The points \( (-2,2) \) and \( (3,-23) \) lie on the curve given by the equation \( y=a x^{2}+b x+4 \). Use an algebraic method to find the values of \( a \) and \( b \).

To find the values of \( a \) and \( b \) in the equation \( y = ax^2 + bx + 4 \) using the given points \((-2,2)\) and \((3,-23)\), we can substitute the coordinates of these points into the equation and then solve the resulting system of equations.

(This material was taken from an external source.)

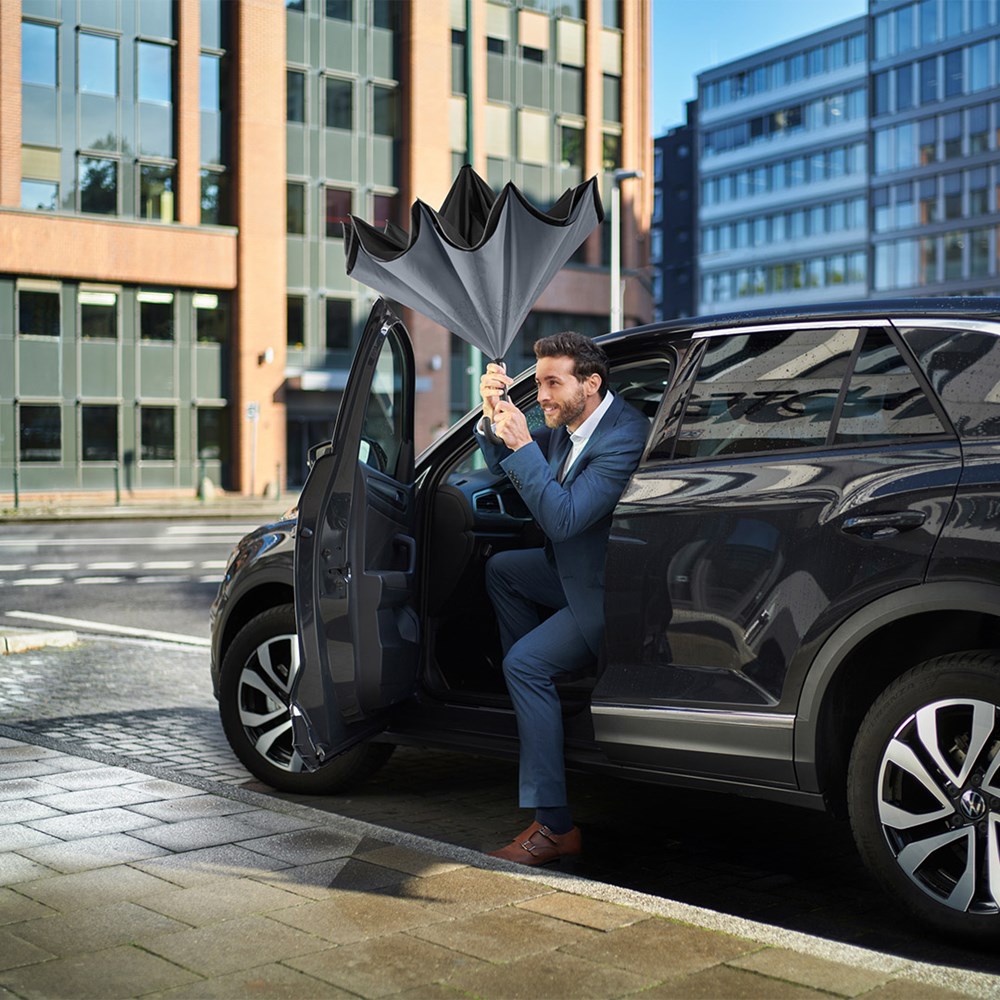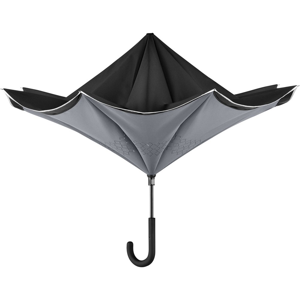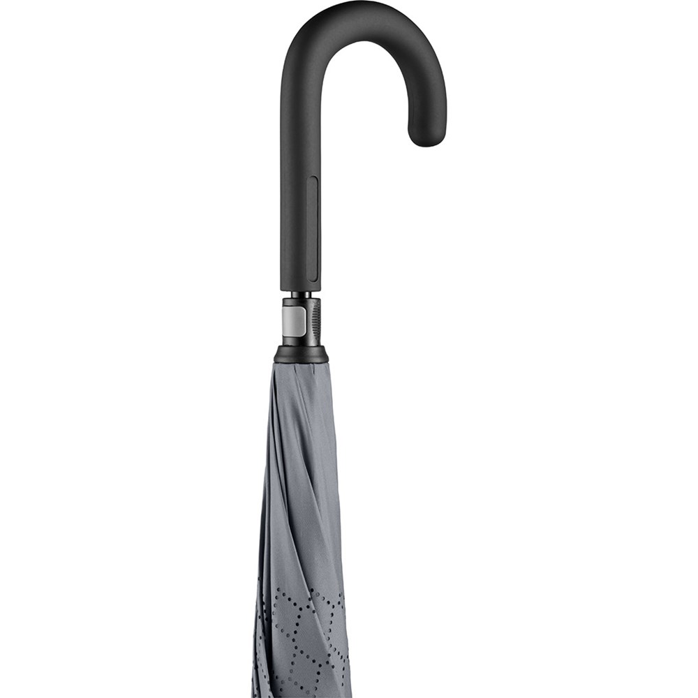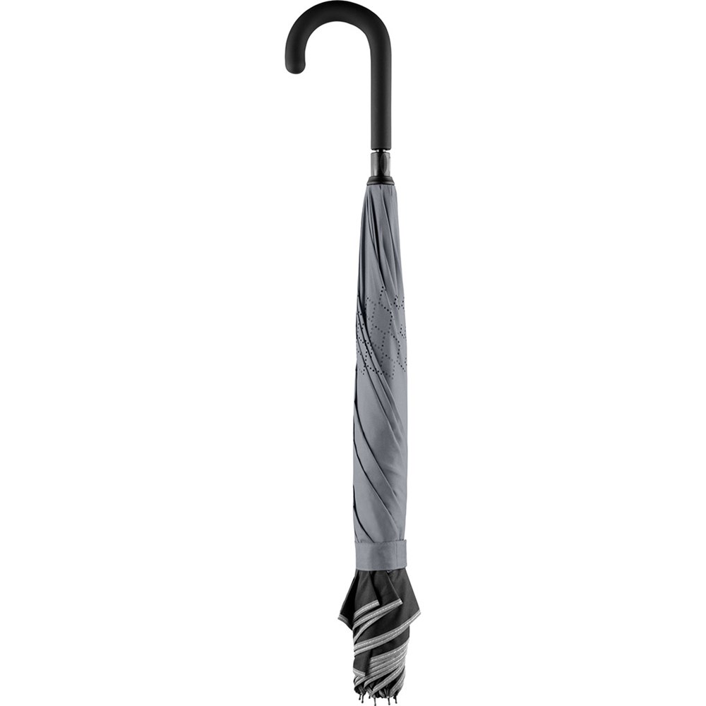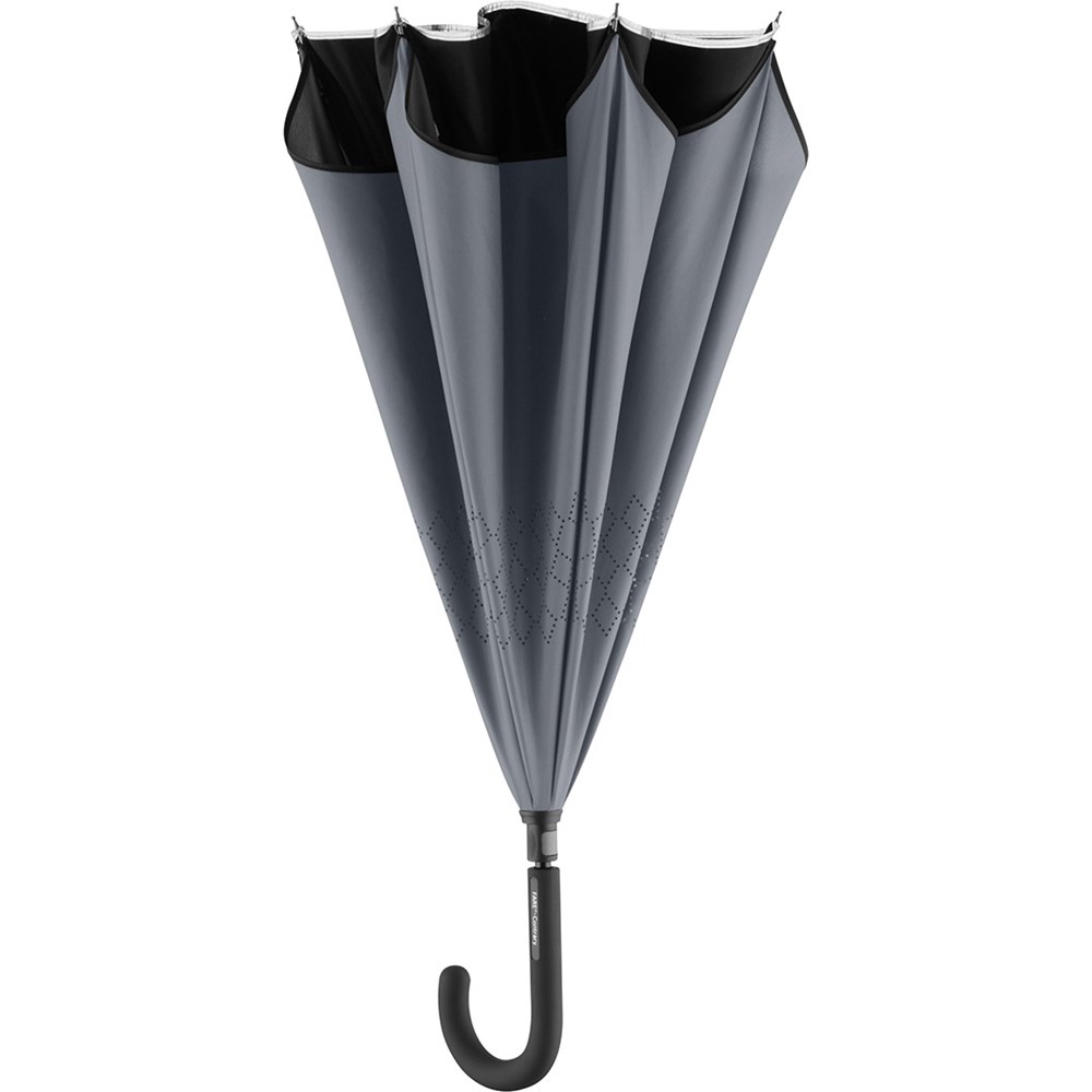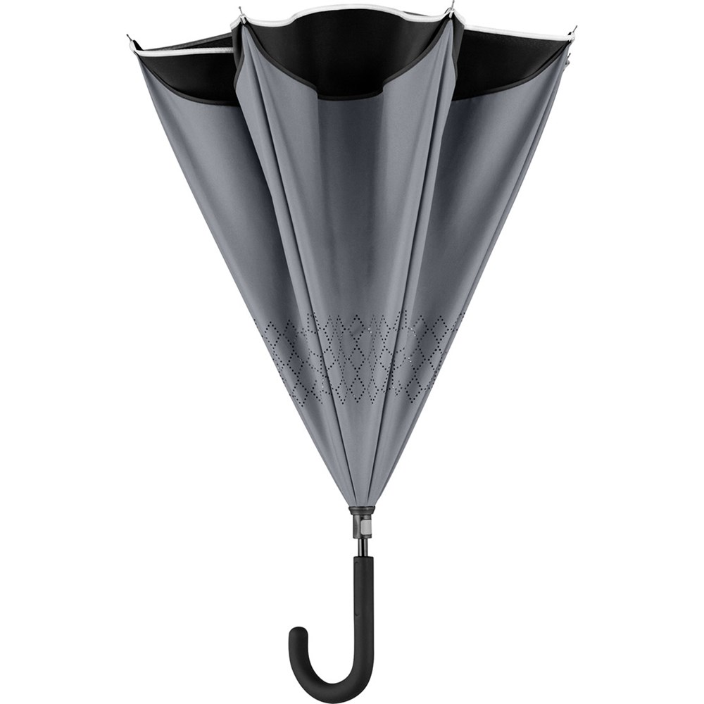 Trendiger Stockschirm mit umgekehrtem Öffnungs- und Schließmechanismus Einfache Handhabung durch Sicherheitsschieber, hochwertiges Windproof-PLUS-System für eine maximale Gestell-Flexibilität bei stärkeren Windböen, von innen nach außen öffnendes Fiberglasgestell, flexible Fiberglasschienen, Doppel-Bezug mit gelasertem Ventilationsmuster zur Vermeidung von Luftstau, Bezug mit modischer Reflexpaspel in Silber, Soft-Touch-Rundhakengriff mit Werbeanbringungsmöglichkeit. Auch als Taschenschirm erhältlich (Art. 5415).

Substitute the coordinates of the first point \((-2,2)\) into the equation: \[ 2 = a(-2)^2 + b(-2) + 4 \] \[ 2 = 4a - 2b + 4 \] \[ 4a - 2b = -2 \] Substitute the coordinates of the second point \((3,-23)\) into the equation: \[ -23 = a(3)^2 + b(3) + 4 \] \[ -23 = 9a + 3b + 4 \] \[ 9a + 3b = -27 \] Now, we have a system of two equations: \[ 4a - 2b = -2 \] \[ 9a + 3b = -27 \] We can solve this system of equations to find the values of \( a \) and \( b \). Solve the system of equations by following steps: - step0: Solve using the substitution method: \(\left\{ \begin{array}{l}4a-2b=-2\\9a+3b=-27\end{array}\right.\) - step1: Solve the equation: \(\left\{ \begin{array}{l}a=\frac{-1+b}{2}\\9a+3b=-27\end{array}\right.\) - step2: Substitute the value of \(a:\) \(9\times \frac{-1+b}{2}+3b=-27\) - step3: Simplify: \(\frac{9\left(-1+b\right)}{2}+3b=-27\) - step4: Multiply both sides of the equation by LCD: \(\left(\frac{9\left(-1+b\right)}{2}+3b\right)\times 2=-27\times 2\) - step5: Simplify the equation: \(-9+15b=-54\) - step6: Move the constant to the right side: \(15b=-54+9\) - step7: Add the numbers: \(15b=-45\) - step8: Divide both sides: \(\frac{15b}{15}=\frac{-45}{15}\) - step9: Divide the numbers: \(b=-3\) - step10: Substitute the value of \(b:\) \(a=\frac{-1-3}{2}\) - step11: Simplify: \(a=-2\) - step12: Calculate: \(\left\{ \begin{array}{l}a=-2\\b=-3\end{array}\right.\) - step13: Check the solution: \(\left\{ \begin{array}{l}a=-2\\b=-3\end{array}\right.\) - step14: Rewrite: \(\left(a,b\right) = \left(-2,-3\right)\) The solution to the system of equations is \( a = -2 \) and \( b = -3 \). Therefore, the values of \( a \) and \( b \) in the equation \( y = ax^2 + bx + 4 \) are \( a = -2 \) and \( b = -3 \).